> **YOUR TASK**
The required output is the run of lines from the one holding "Botanica [Franck Hammoutène]" through the final line of the listing, restated word for word, with no pictures.

> **RECORDS PROVIDED**
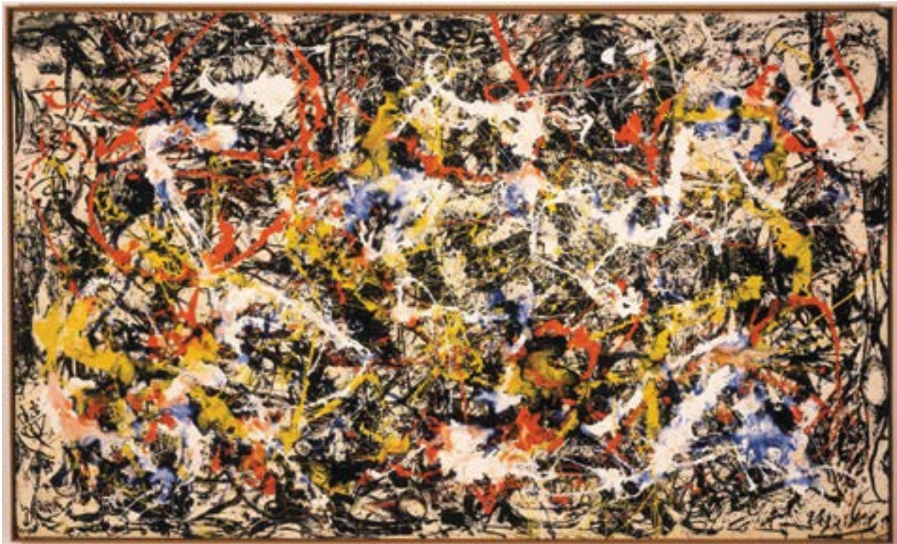
▲ Jackson Pollock, Convergence , 1952
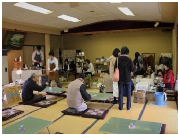
青葉温泉カフェ・春 (4/21)
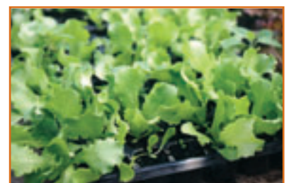
Gut gewachsen: Bio-Setzlinge gedeihen ohne Chemie.

Adressen von Gärtnereien , die in Deutschland Bio-Jungpflanzen von Gemüse und Blumen anbieten, kann man jetzt im Internet abrufen. Demeter Baden-Württemberg nennt dort Betriebe, die Setzlinge in Bio-Qualität verkaufen. Die Jungpflanzen sind ohne chemisch-synthetische Pflanzenschutz- und Düngemittel in wertvollen Bio-Komposterden gewachsen. »Sie passen sich dem biologischen Anbau besser an als konventionelle Jungpflanzen und sind robuster«, erklärt Demeter. www.demeter.de/bw
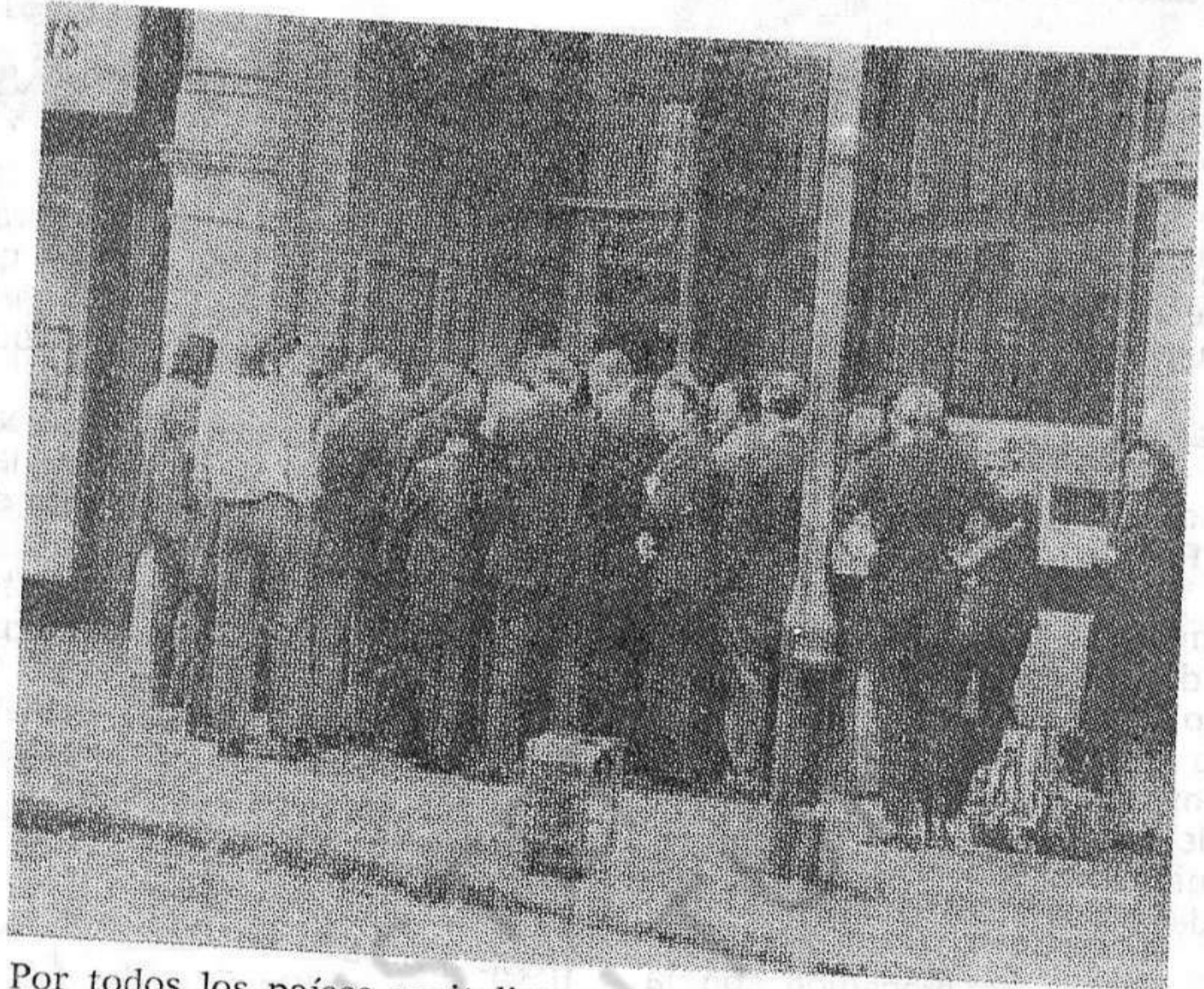
Por todos los países capitalistas, colas interminables de obreros parados esperando empleo. Y sobre todo, emigrados.

Un mejoramiento no puede producirse, ha dicho Canónica, si los trabajadores no pueden participar en la gestión y control democrático de las empresas, y de la economía del país.
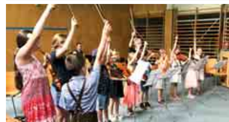
Schlussvorspielstunde Söding-St. Johann
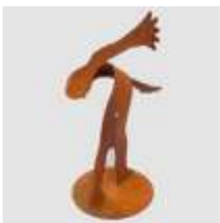
Ulrich Schweiger Skulptur / Graphik Haus A, EG 0177 / 657 9534 www.ulrich-schweiger.de
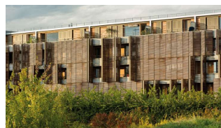
Botanica [Franck Hammoutène]
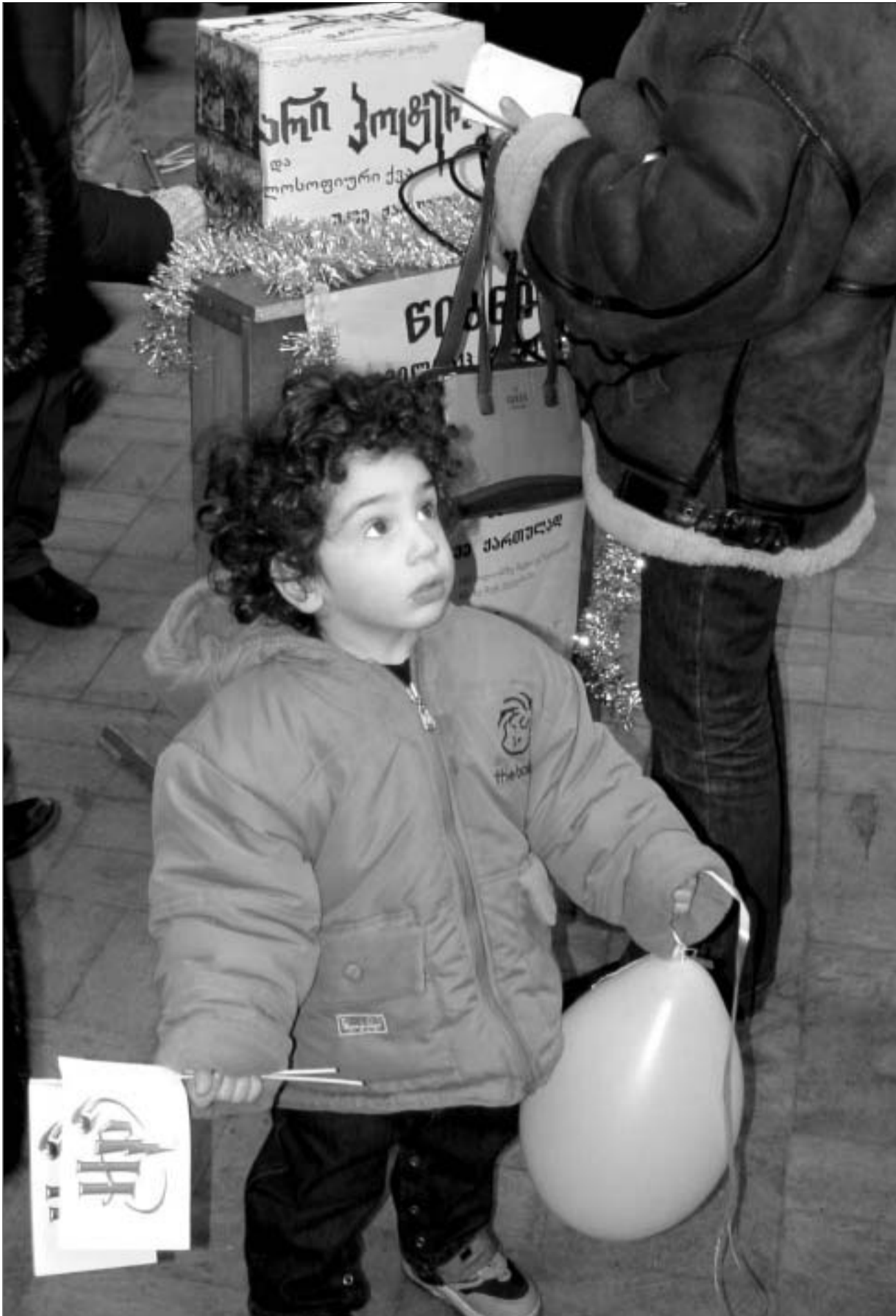
პარი პოეტის კიდევ ერთი ფანი
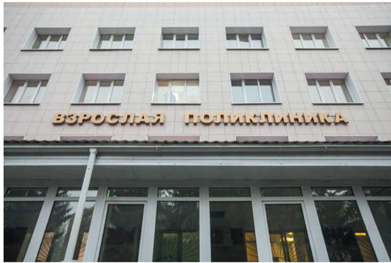
Поликлиник в городе станет больше

> **RESPONSE**
Botanica [Franck Hammoutène]
პარი პოეტის კიდევ ერთი ფანი
Поликлиник в городе станет больше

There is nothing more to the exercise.